While listening to Carruthers's lively and often humorous explanations of his involvement in trying to stop the construction of the Expressway in the 60s, the audience was surrounded by panels of photographs made in 1971 by photographers Brian Merrett and Jennifer Harper. Following Carruther’s recollections, a statement from Merrett, who could not attend the evening, was read to the audience, explaining how he had photographed on the streets to show the destruction of buildings, the concrete and graffiti by demonstrators, while Jennifer had gone into homes and photographed the people whose lives were about to be destroyed.
The second speaker was Jason Prince, who grew up on Metcalfe Avenue and attended Westmount High School before entering McGill University. He is now an urban planner who is currently coordinating a community-university research alliance (CURA) led by McGill’s School of Urban Planning on the Turcot Interchange and the McGill University Health Centre.
Prince began by projecting images of Westmount properties backing on the existing Turcot Interchange and CPR rail line. Then with detailed, well-researched charts, he explained alternative solutions to the proposed Turcot demolition. Experts at McGill have argued that the structure can be repaired at a lower cost, and more rapidly, with less disturbance to the neighbourhoods. He also warned that the government’s proposal threatens a major green space close to Westmount.
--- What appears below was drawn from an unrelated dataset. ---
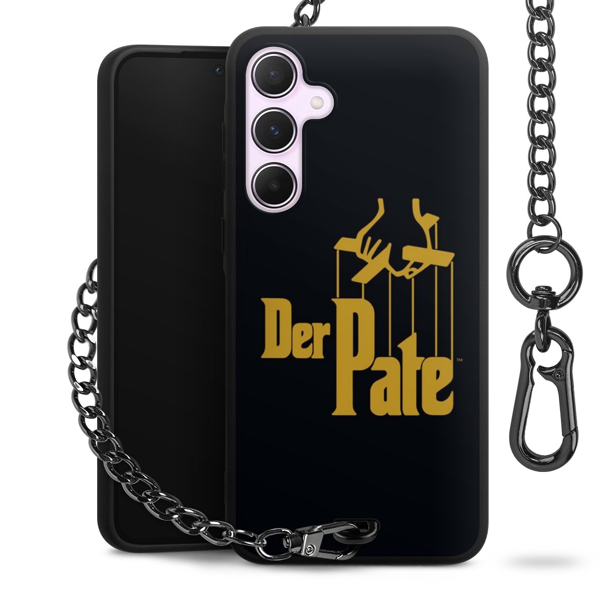 - Mattschwarze Handyhülle mit Metallkette

If done properly and with care, the highway project would preserve and enhance this green space by tree planting as well as the addition of a bicycle path and walking path to create a welcoming linear park.
Much of his information can be read in the new book Prince just assisted in editing, Montréal at the Crossroads: Superhighways, the Turcot and the Environment.
It is available at Paragraphe bookstore downtown.
The lecture series continues on Oct. 15 with a look at the 'The Ward Family and Album'.